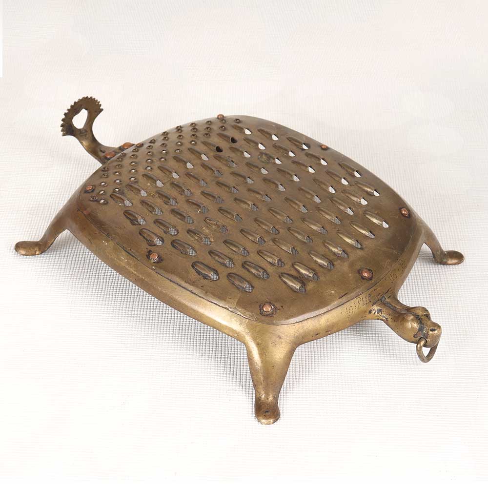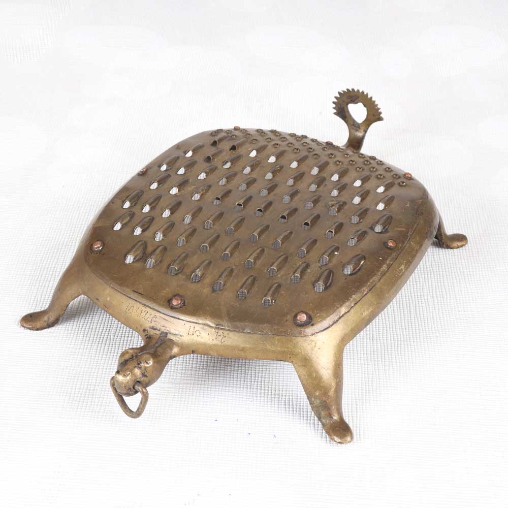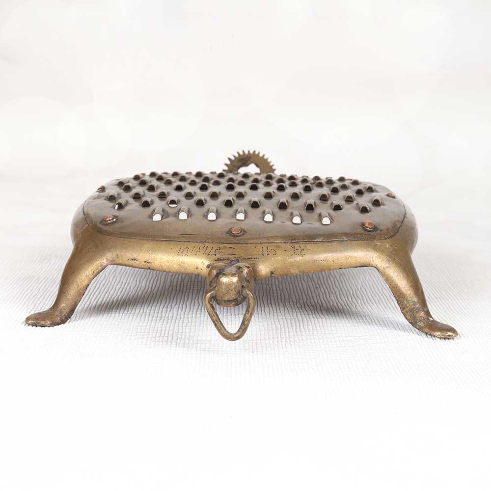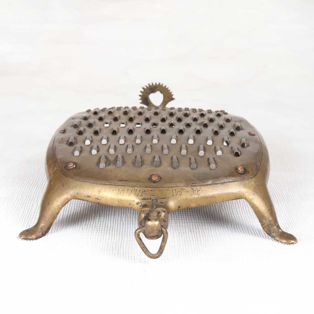 Step back in time with this elegant vintage brass vegetable grater. Lovingly used and displaying a wonderful patina, this grater evokes memories of cozy kitchens filled with the aroma of home cooking. This antique grater is a charming decorative accent that brings vintage charm to any kitchen. Display it on your countertop or mantel to add a pop of brass and a nod to times past. The well-worn brass and classic shape give this grater loads of vintage appeal. For decor purposes only, this vintage grater makes a wonderful addition to any home with classic or vintage style. Place it in your kitchen, dining room, or living area to create an antique atmosphere. A beautiful patina makes each one unique.
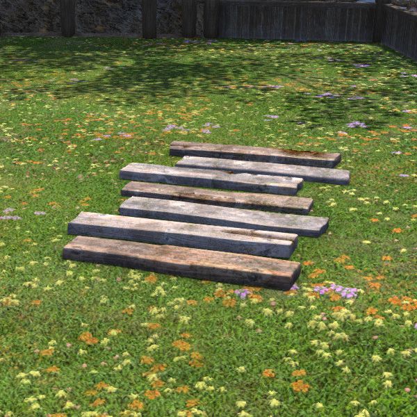 Ehemalige Eisenbahnschwellen, welche zur Wiederverwendung als Trittbretter aufbereitet wurden.
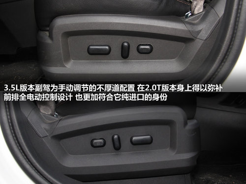 在之前試駕過的3.5L版本身上,我們曾經(jīng)意外的發(fā)現(xiàn)了一項很不厚道的配置,那便是副駕座椅為手動調(diào)節(jié),這樣的設(shè)計并不符合這款純進口SUV40萬左右的售價。在2.0T版本身上,這項配置得以彌補,也為使用者提供了更大的便利。
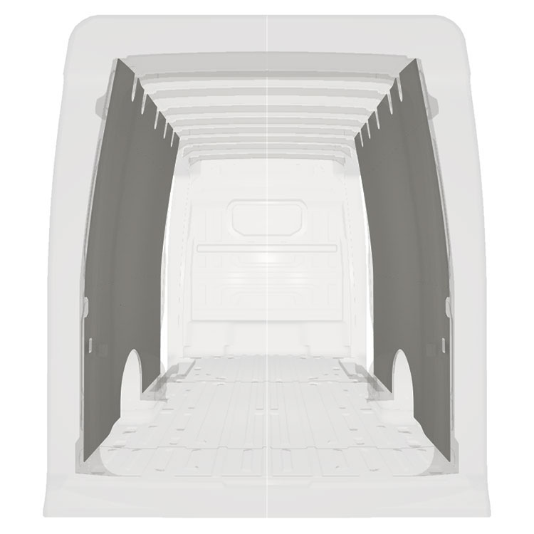 W celu optymalizacji masy, wycięte fabrycznie okładziny do samochodów dostawczych są dopasowane do przestrzeni między belkami pojazdu, co zapewnia ich nieinwazyjność oraz pozwala zmaksymalizować dostępną przestrzeń.
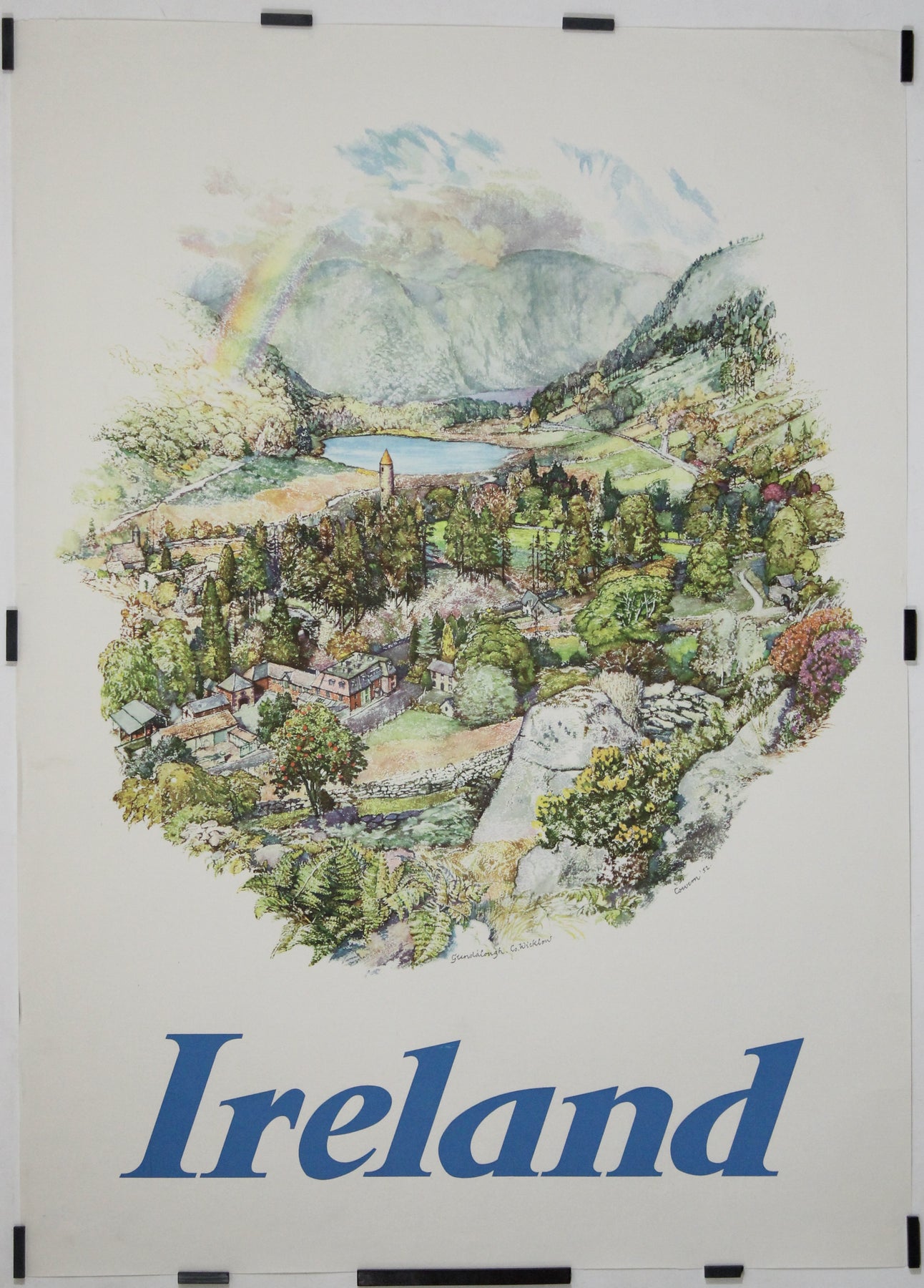 This beautifully illustrated 1952 original poster captures the breathtaking charm of Glendalough, one of Ireland’s most historically and spiritually significant locations. Created by British artist and Royal Academician Raymond Teague Cowern, this work was commissioned by the Irish Tourist Association as part of its post-war campaign to promote tourism through evocative fine art.
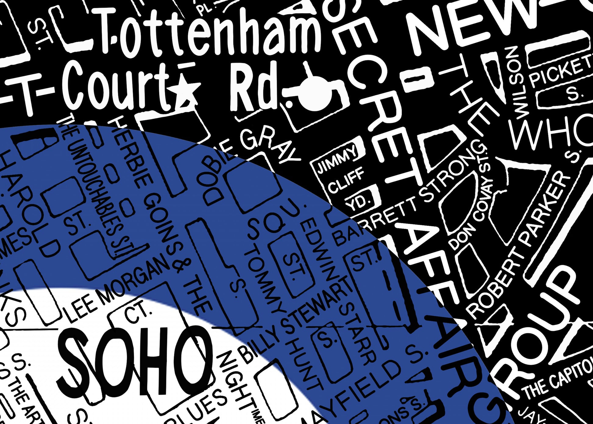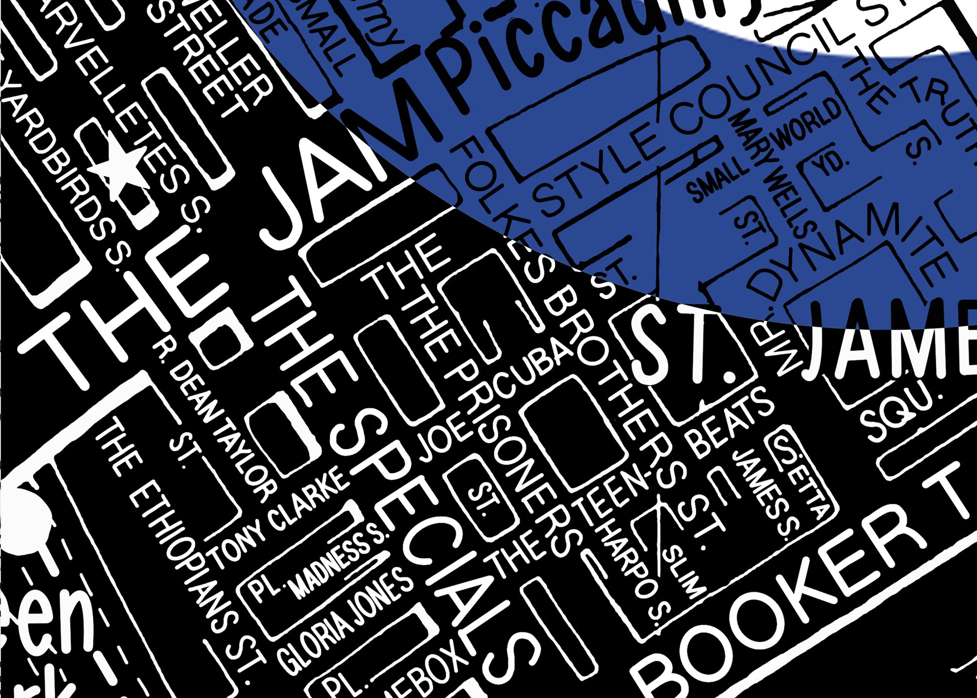 This full colour design captures the real 1960s Soho roads and landmarks – but with streets and spots renamed for Mod songs and legends, from era-defining hits by The Who and Small Faces to one-hit wonders.
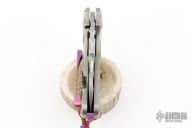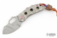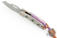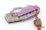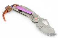 This T-Rex by Zhu Homer features a textured blade with notched thumbrest and a thumbhole. The handle has a textured and tumbled titanium frame, carved and anodized titanium backspacer, carved and anodized tip up titanium clip with hidden screws. Nice detent, lockup and blade seating.  Comes with a copper bead and leather lanyard. Also comes with original box and COA. Excellent condition.
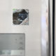 Adorable black and white bunny poking it's head out of the hollow of a tree.
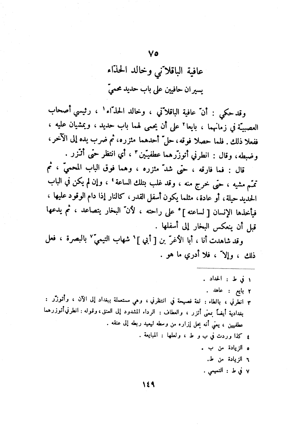 وقد حكي: أنّ عافية الباقلّاني، وخالد الحذّاء «1» ، رئيسي أصحاب العصبيّة في زمانهما، بايعا «2» على أن يحمى لهما باب حديد، ويمشيان عليه، ففعلا ذلك. فلما حصلا فوقه، حلّ أحدهما مئزره، ثم ضرب يده إلى الآخر، وضبطه، وقال: انطرني أتوزّرهما عطفيّين «3» ، أي انتظر حتى أتّزر.
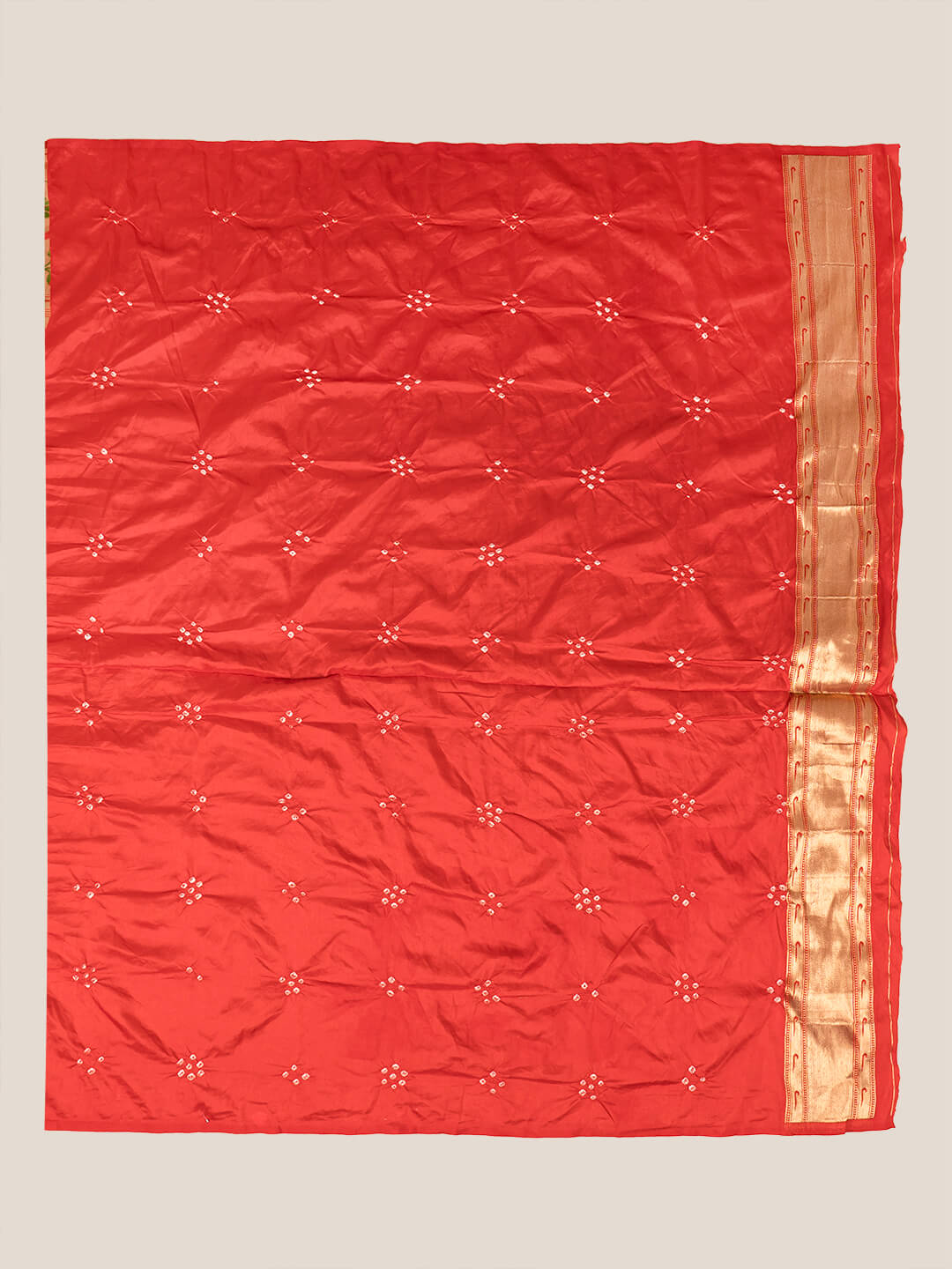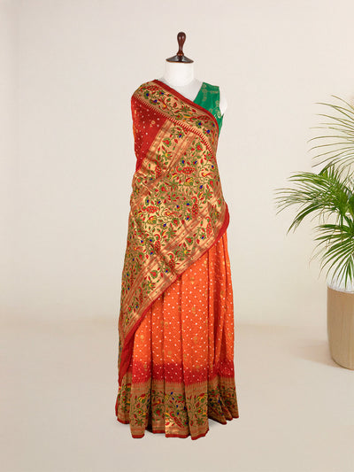 Orange And Red Paithani Bandhani Saree in Synthetic
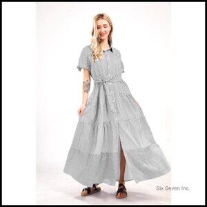 ✨ Striped Maxi Shirt Dress with Tie Waist
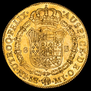 Numismática Barcala > Productos > Carlos III. 8 Escudos. (27,04 g.). Lima. 1783. Ensayador M·I. Aureo y Calicó 1945. EBC+. Brillo original. Bella, rara así.
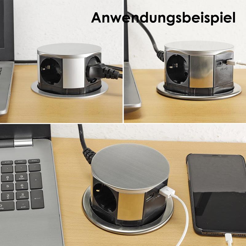 - 1x Tisch-Einbausteckdose, 3-fach + 2x USB-A, versenkbar, IP20 oder
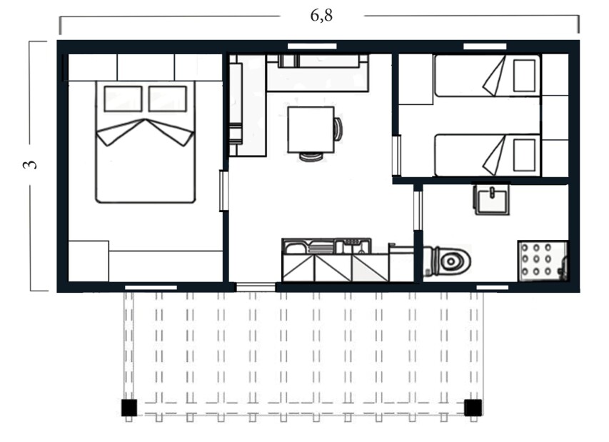 ložnice s manželskou postelí, ložnice se dvěma lůžky a nad nimi vyvýšeným lůžkem (vhodným pouze pro dítě do 50 kg), obývací pokoj s kuchyňským koutem.
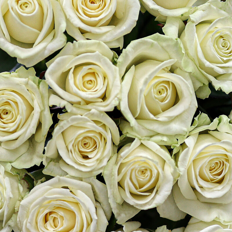 - Buket iz 13 belih roz (Rossiya) s lentoj 60 sm

★ ★ ★ ★ ★

Would you copy out all the data exactly, without the images?

• [Answer to the exercise]
 Step back in time with this elegant vintage brass vegetable grater. Lovingly used and displaying a wonderful patina, this grater evokes memories of cozy kitchens filled with the aroma of home cooking. This antique grater is a charming decorative accent that brings vintage charm to any kitchen. Display it on your countertop or mantel to add a pop of brass and a nod to times past. The well-worn brass and classic shape give this grater loads of vintage appeal. For decor purposes only, this vintage grater makes a wonderful addition to any home with classic or vintage style. Place it in your kitchen, dining room, or living area to create an antique atmosphere. A beautiful patina makes each one unique.
 Ehemalige Eisenbahnschwellen, welche zur Wiederverwendung als Trittbretter aufbereitet wurden.
 在之前試駕過的3.5L版本身上,我們曾經(jīng)意外的發(fā)現(xiàn)了一項很不厚道的配置,那便是副駕座椅為手動調(diào)節(jié),這樣的設(shè)計并不符合這款純進口SUV40萬左右的售價。在2.0T版本身上,這項配置得以彌補,也為使用者提供了更大的便利。
 W celu optymalizacji masy, wycięte fabrycznie okładziny do samochodów dostawczych są dopasowane do przestrzeni między belkami pojazdu, co zapewnia ich nieinwazyjność oraz pozwala zmaksymalizować dostępną przestrzeń.
 This beautifully illustrated 1952 original poster captures the breathtaking charm of Glendalough, one of Ireland’s most historically and spiritually significant locations. Created by British artist and Royal Academician Raymond Teague Cowern, this work was commissioned by the Irish Tourist Association as part of its post-war campaign to promote tourism through evocative fine art.
 This full colour design captures the real 1960s Soho roads and landmarks – but with streets and spots renamed for Mod songs and legends, from era-defining hits by The Who and Small Faces to one-hit wonders.
 This T-Rex by Zhu Homer features a textured blade with notched thumbrest and a thumbhole. The handle has a textured and tumbled titanium frame, carved and anodized titanium backspacer, carved and anodized tip up titanium clip with hidden screws. Nice detent, lockup and blade seating.  Comes with a copper bead and leather lanyard. Also comes with original box and COA. Excellent condition.
 Adorable black and white bunny poking it's head out of the hollow of a tree.
 وقد حكي: أنّ عافية الباقلّاني، وخالد الحذّاء «1» ، رئيسي أصحاب العصبيّة في زمانهما، بايعا «2» على أن يحمى لهما باب حديد، ويمشيان عليه، ففعلا ذلك. فلما حصلا فوقه، حلّ أحدهما مئزره، ثم ضرب يده إلى الآخر، وضبطه، وقال: انطرني أتوزّرهما عطفيّين «3» ، أي انتظر حتى أتّزر.
 Orange And Red Paithani Bandhani Saree in Synthetic
 ✨ Striped Maxi Shirt Dress with Tie Waist
 Numismática Barcala > Productos > Carlos III. 8 Escudos. (27,04 g.). Lima. 1783. Ensayador M·I. Aureo y Calicó 1945. EBC+. Brillo original. Bella, rara así.
 - 1x Tisch-Einbausteckdose, 3-fach + 2x USB-A, versenkbar, IP20 oder
 ložnice s manželskou postelí, ložnice se dvěma lůžky a nad nimi vyvýšeným lůžkem (vhodným pouze pro dítě do 50 kg), obývací pokoj s kuchyňským koutem.
 - Buket iz 13 belih roz (Rossiya) s lentoj 60 sm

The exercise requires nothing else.